**Dataset extract**
◆ ◆ ◆ ◆ ◆

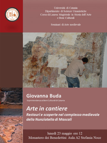Lunedì 23.5.2016 alle 12,00 nell'aula A2 Giovanna Buda (Soprintendenza ai Beni Culturali di Catania) terrà una lezione dal titolo Arte in cantiere. Restauri e scoperte nel complesso medievale della Nunziatella di Mascali.
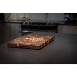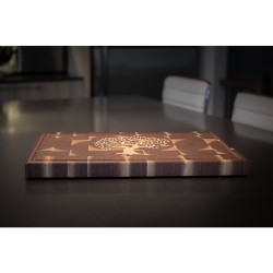 La planche à découper Tabula, conçue en grain de bout comme les blocs de boucher, prolonge la vie de vos lames aiguisées.
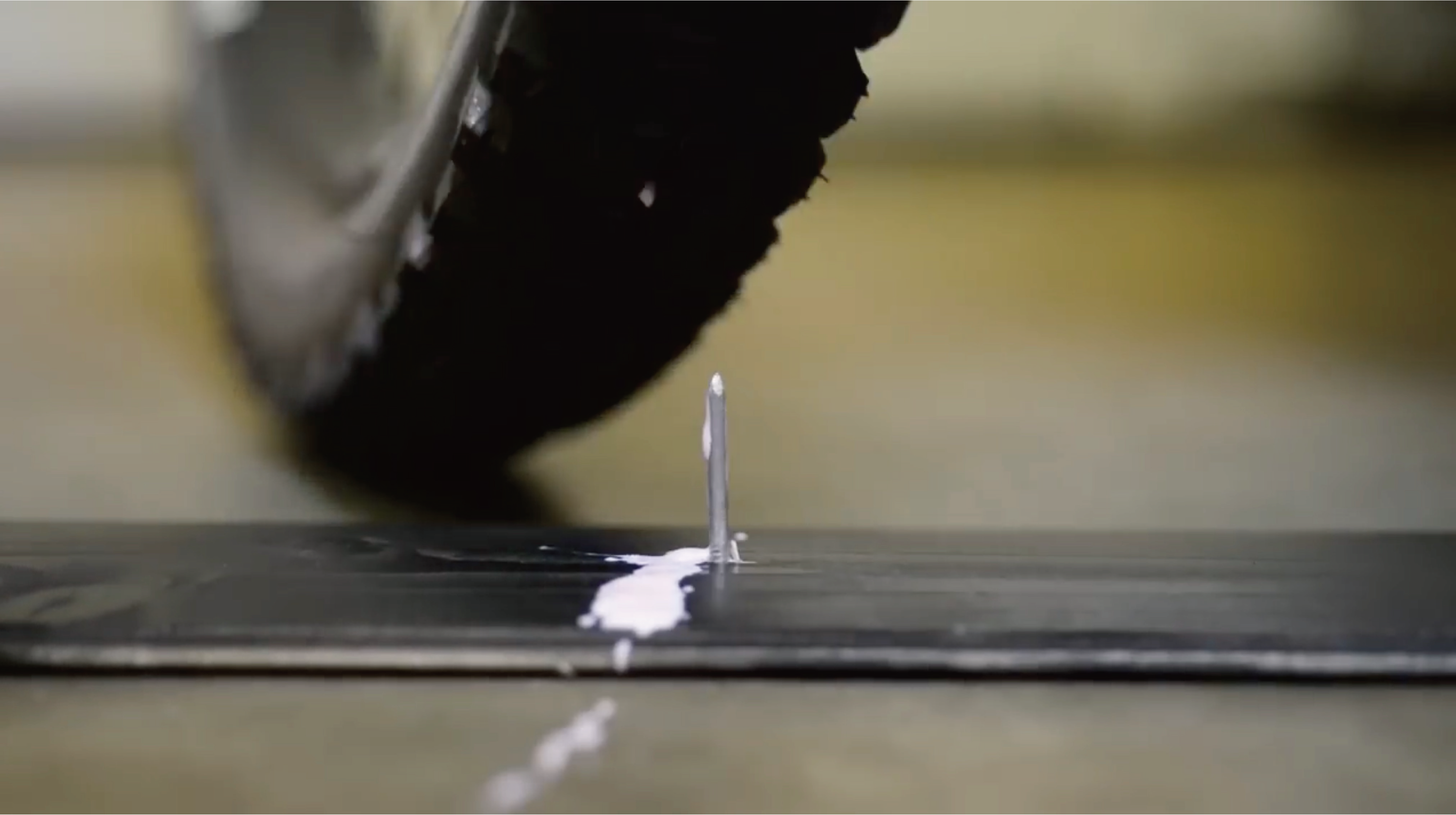 粘度の高いラテックスベースのシーラント液と大小様々な粒子が空いた穴から瞬時に飛び出し穴を塞ぎます。

◆ ◆ ◆ ◆ ◆

**Assignment**
Beginning with the line containing "La planche à" and ending with the last line of the data above, repeat each line exactly. Include no pictures and no other lines.

**Completed task**
 La planche à découper Tabula, conçue en grain de bout comme les blocs de boucher, prolonge la vie de vos lames aiguisées.
 粘度の高いラテックスベースのシーラント液と大小様々な粒子が空いた穴から瞬時に飛び出し穴を塞ぎます。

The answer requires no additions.